MichaelJay/iStock(NEW YORK) — Burberry has apologized after a sweatshirt in one of its fashion shows appeared to include a noose hanging around the model's neck, prompting another model who walked in the show to call the design "triggering."
The sweatshirt in question was part of a collection debuted at London Fashion Week show last Sunday.
Model Liz Kennedy took to Instagram to voice her frustration with the clothing, writing "Suicide is not fashion."
"Let’s not forget about the horrifying history of lynching either," Kennedy added. "There are hundreds of ways to tie a rope and they chose to tie it like a noose completely ignoring the fact that it was hanging around a neck."
In an exclusive interview with ABC News' Good Morning America, Kennedy said that the issue hits close to home for her.
"I … was feeling very triggered actually," she said. "Kind of how I felt when I was going through an experience with suicide in my family."
Kennedy said she tried to voice her concerns about the design ahead of the show, but no action was taken.
"I was trying to think of ways that I could handle it backstage so that look wouldn’t be shown, but unfortunately, there was no way of doing that, and I just had to fulfill my duties as a model with them and hope for the best," she said.
Burberry and their chief creative officer, Riccardo Tisci, have since apologized.
"I am so deeply sorry for the distress that has been caused as a result of one of the pieces in my show on Sunday. While the design was inspired by a nautical theme, I realise that it was insensitive," Tisci said in a statement.
"It was never my intention to upset anyone," he continued. "It does not reflect my values nor Burberry's and we have removed it from the collection. I will make sure that this does not happen again."
Marco Gobbetti, the CEO of Burberry, also apologized on behalf of the brand and said they have reached out to Kennedy to personally apologize as well.
"I called Ms.
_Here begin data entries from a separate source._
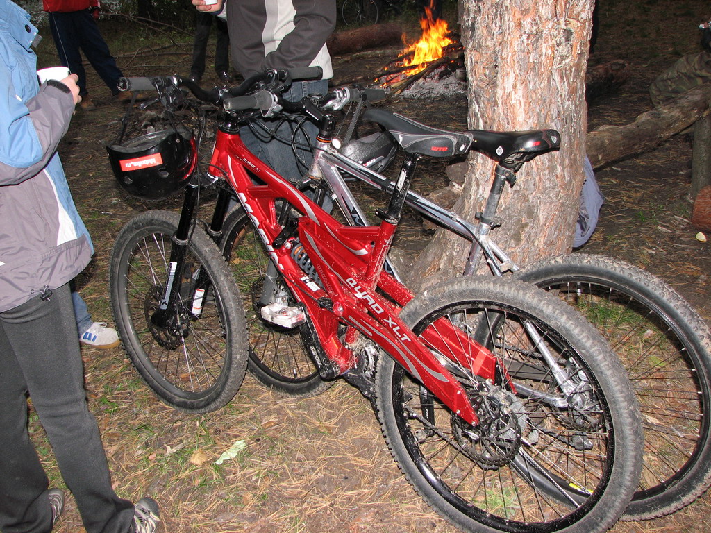 Дождавшись провожатого (мы-то доехали до автовокзала минут за 10, а ему ехать надо было минут 40) поехали вместе потихоньку в сторону общей тусовки. По пути заехали в пару магазинов, встретили ещё нескольких велосипедистов, и всей компанией дружно добрались до Силикатных озёр. Там, среди леса, на берегу озера, на отличной полянке, уже отдыхали от дневных катаний и пили пиво у костра москвичи и липчане.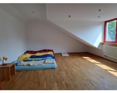 Im ausgebauten DG befindet sich ein weitläufiger Raum mit großzügiger Dachgaube und ein Bad mit Badewanne. Die Dachschräge im Flur lässt sich durch eingebaute Schiebeschränke praktisch als Stauraum nutzen.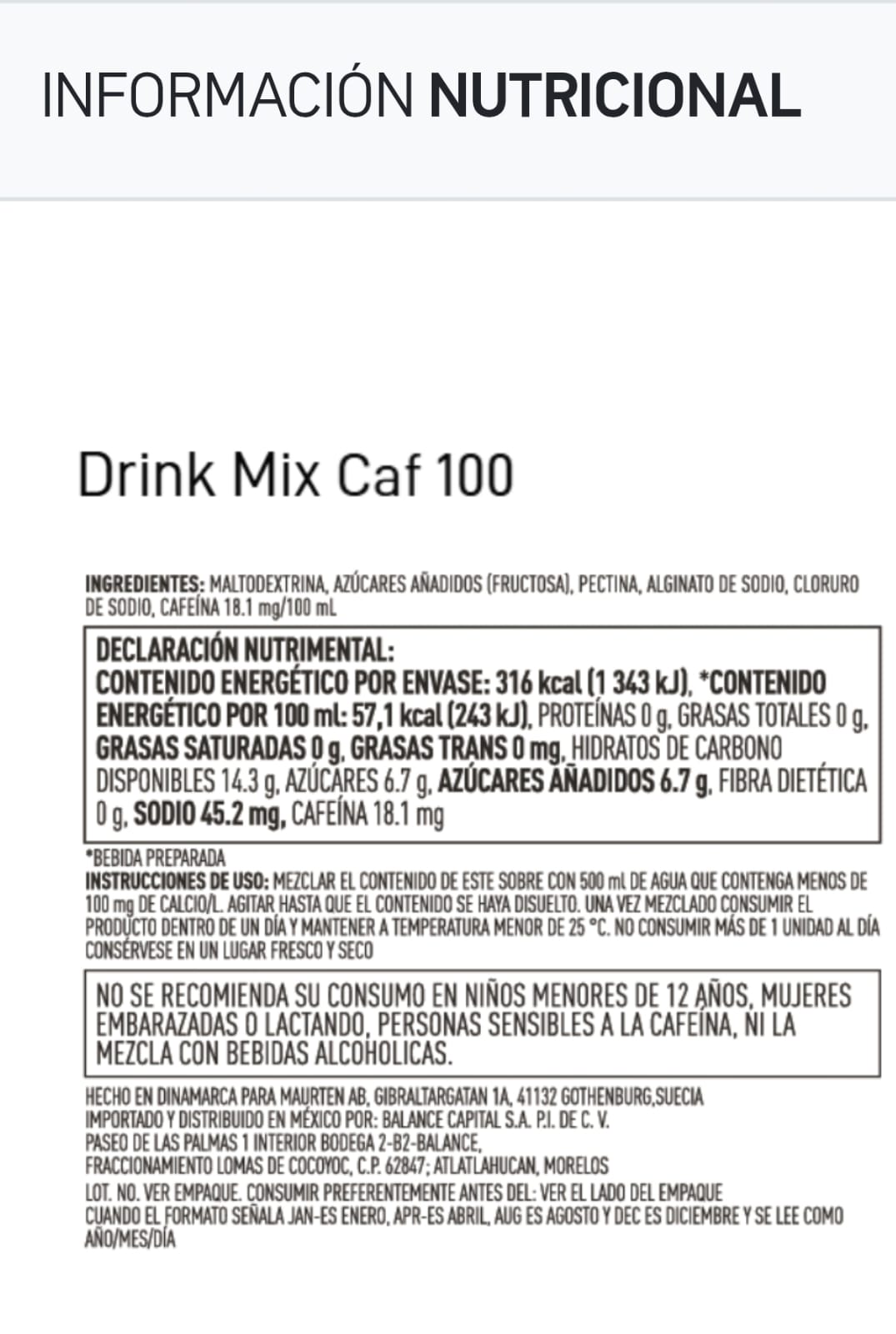 Cuando el Drink Mix 320 Caf 100 se mezcla con agua, se obtiene una bebida deportiva de hidrogel que contiene una alta concentración de carbohidratos y cafeína. Al entrar en contacto con la acidez del estómago, la bebida se convierte instantáneamente en hidrogel. Este permite que la bebida fluya fácilmente por el estómago hasta llegar al intestino, donde se absorben el agua, la sal y los carbohidratos.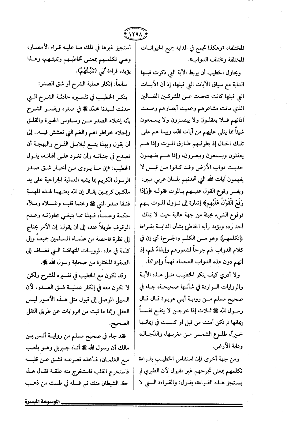 ولا أدري كيف ينكر الخطيب مثل هذه الآية والروايات الواردة في شأنها صحيحة، جاء في صحيح مسلم من رواية أبي هريرة قال قال رسول الله - صلى الله عليه وسلم - ثلاث إذا خرجن لا ينفع نفسًا إيمانها لم تكن آمنت من قبل أو كسبت في إيمانها خيرًا، طلوع الشمس من مغربها، والدّجال، ودابة الأرض.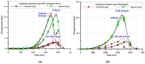 Comparison of explosion overpressure for explosion chamber geometry; (a) LPG (propane 98%), (b) Hydrogen.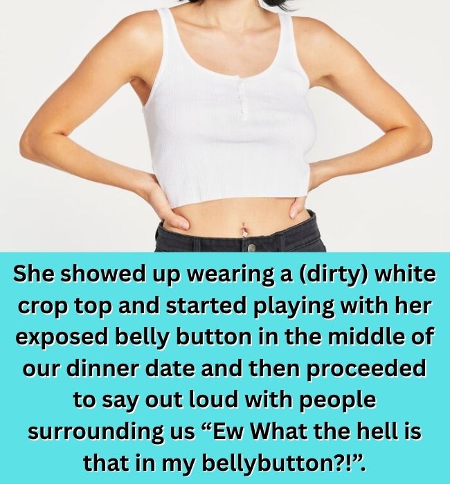Then she says it. Loudly. In a packed restaurant. “Ew, what the hell is that in my belly button?” Forks pause. Nearby tables clock in. Any remaining illusion of romance evaporates on the spot. From the outside, it’s less a date and more a public health announcement no one consented to attend.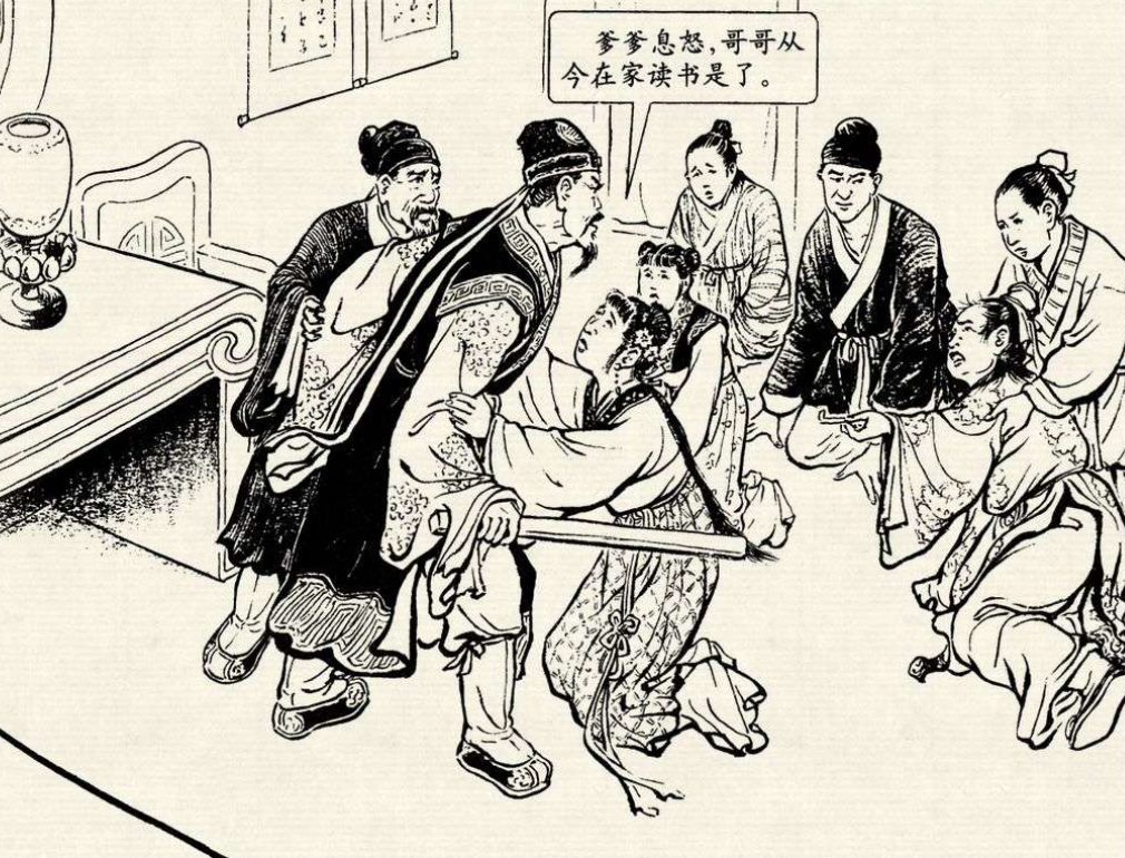 说着,张员外抄起一根大棒,冲进了儿子的屋子,一顿劈头盖脸地痛骂。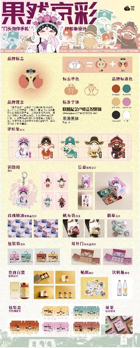 门头沟区有着优质的农产品与优秀的传统文化。我们小组对这二者进行结合,以品牌设计赋能乡村振兴、艺术介入乡村建设作为设计理念,将门头沟区的独特非物质文化遗产燕歌戏融入设计中,以生旦净末丑为形象原型,为妙峰山玫瑰、太子墓苹果、京白梨、京西白蜜、妙峰山樱桃这五种农产品,打造了果然京彩这一农产品品牌,设计了五个独特的IP形象。

Kennedy to apologise as soon as I became aware of this on Monday and we immediately removed the product and all images that featured it," Gobbetti said in a statement.
Kennedy said that the company's "actions speak louder than words."
"If they just kind of brush this whole situation under the rug in a couple weeks, that’s very disrespectful, you know, I would not be OK with that," she said.
"I think the positive that came out of all of this, it's given me the platform to be able to speak more about mental health and start a conversation on it," she added. "And it's also given the whole entire industry a lesson to make sure that they watch what they're producing and how it will affect other people."